THE TASK
Please copy only the material from the line that has "Krtkova dobrodružstvo si" to the very last line, both ends included, exactly as written and without pictures.

DATA START

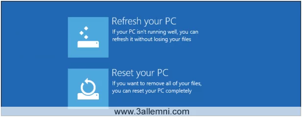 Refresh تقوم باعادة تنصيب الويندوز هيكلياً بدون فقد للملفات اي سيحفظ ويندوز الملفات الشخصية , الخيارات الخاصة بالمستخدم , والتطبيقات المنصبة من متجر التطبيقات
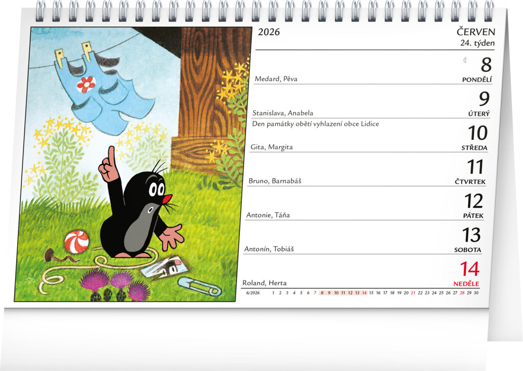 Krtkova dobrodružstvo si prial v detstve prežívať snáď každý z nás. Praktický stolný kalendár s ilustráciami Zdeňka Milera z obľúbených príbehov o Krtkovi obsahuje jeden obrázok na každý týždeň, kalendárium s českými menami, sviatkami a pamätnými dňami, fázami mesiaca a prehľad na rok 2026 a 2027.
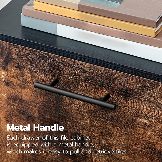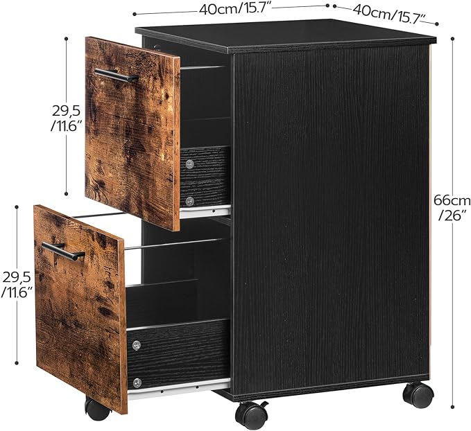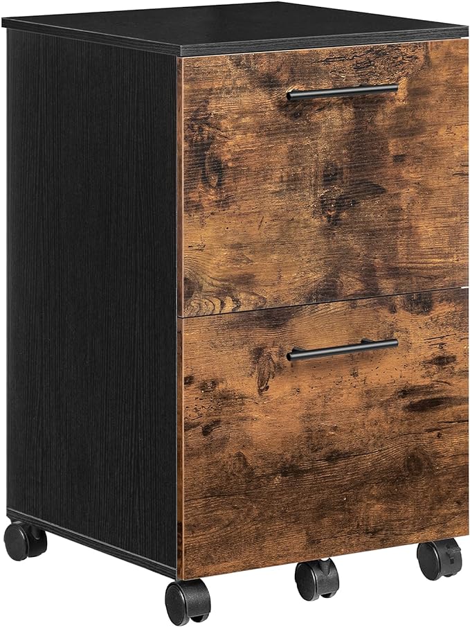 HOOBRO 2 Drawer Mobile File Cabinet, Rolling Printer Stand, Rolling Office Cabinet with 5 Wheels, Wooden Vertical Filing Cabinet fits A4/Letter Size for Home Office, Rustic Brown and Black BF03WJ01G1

DATA END

ANSWER BELOW
 Krtkova dobrodružstvo si prial v detstve prežívať snáď každý z nás. Praktický stolný kalendár s ilustráciami Zdeňka Milera z obľúbených príbehov o Krtkovi obsahuje jeden obrázok na každý týždeň, kalendárium s českými menami, sviatkami a pamätnými dňami, fázami mesiaca a prehľad na rok 2026 a 2027.
 HOOBRO 2 Drawer Mobile File Cabinet, Rolling Printer Stand, Rolling Office Cabinet with 5 Wheels, Wooden Vertical Filing Cabinet fits A4/Letter Size for Home Office, Rustic Brown and Black BF03WJ01G1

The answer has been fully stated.